This Boxing Day Punch Yourself With The Joker Script, Which Is Now Online

This Boxing Day Punch Yourself With The Joker Script, Which Is Now Online

Reading a film’s script is nothing like actually seeing the film in all its cinematic glory. But seeing the dialogue and direction of a movie like Joker all spelled out in black and white on the page does give you a distinct and interesting perspective on what the filmmakers were working with on a fundamental level—and what it was they were trying to achieve with the final product.

With awards season right around the corner, more studios are beginning to share the full screenplays for the films they’re hoping are going to rake in all the glory. Warner Bros. has just shared Joker’s script with Deadline, and even if you’ve already seen the film, it’s fascinating how the story reads without all of its striking cinematography that evokes classic films like Taxi Driver and The King of Comedy drawing attention away from what characters are actually saying and doing to one another.

Decoupled from deliveries by actors like Joaquin Phoenix, Zazie Beetz, and Robert De Niro, the dialogue in many of Joker’s scenes falls flat—which is to be somewhat expected, considering that movies like this are presumably written in such a way that allows for the actors to bring an energy that helps fully realise their characters.
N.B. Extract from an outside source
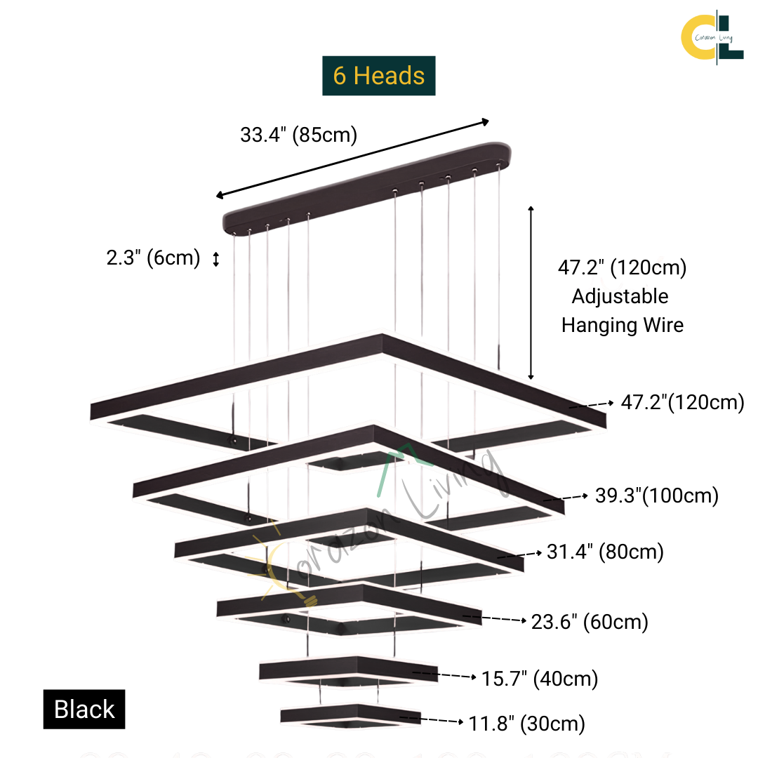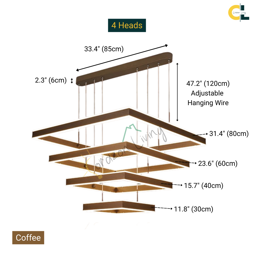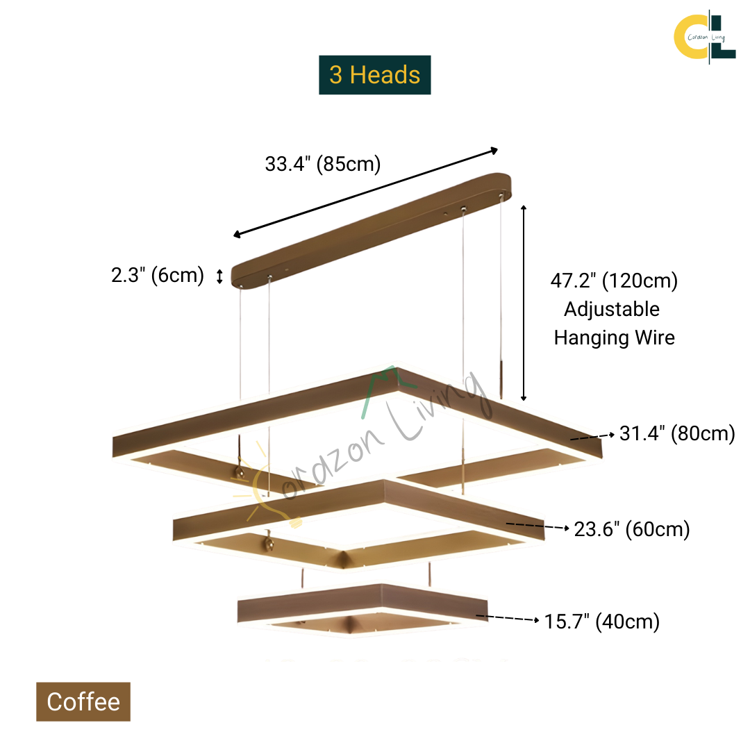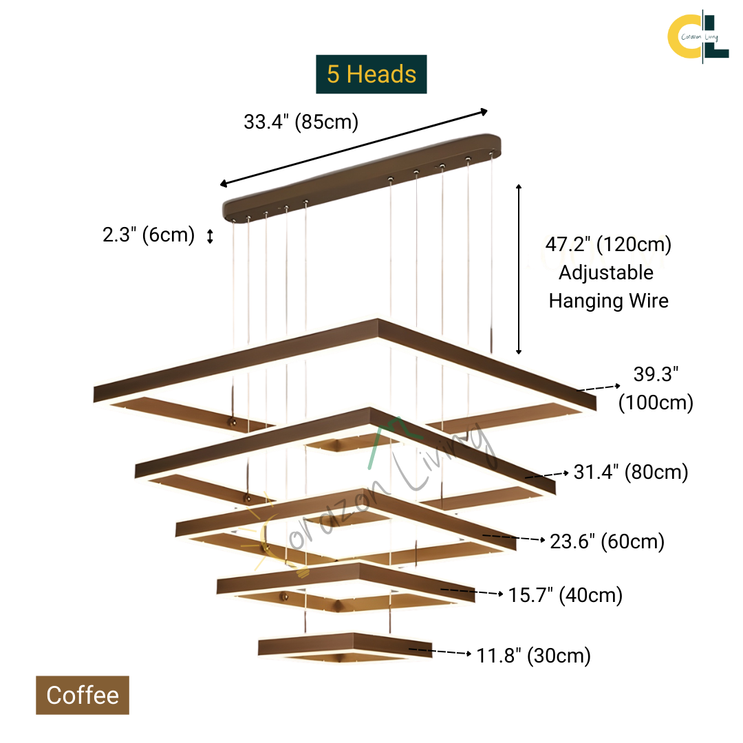 The Valerian Chandelier enhances any modern interior with its bold geometric silhouette and cascading square design. Crafted from durable aluminum and acrylic, this statement piece is available in Black, Coffee, or Gold, making it a perfect fit for modern living rooms, dining areas, and high-ceiling spaces. Its integrated LED system offers Warm White, Cool White, or Tri-Color Changeable (Remote Dimming with App), allowing you to adjust both color and brightness effortlessly. Available in 1, 2, 3, 4, 5, or 6-head configurations, the Valerian adapts beautifully to compact or expansive layouts.

But more than that, the script often feels as if it wasn’t crafted to tell a nuanced story about how a broken man became Gotham’s most infamous supervillain, but rather a story that uncritically glamorises gun violence and doesn’t really know what it wants to say about mental illness.

Again, the script makes the most sense after you’ve already seen the movie and can match up the scenes on the page with their cinematic counterparts. But once you’ve seen Joker, and then gone back to reexamine how the scenes were initially written out, it becomes that much harder not to see how, ultimately, the movie just wasn’t all that great.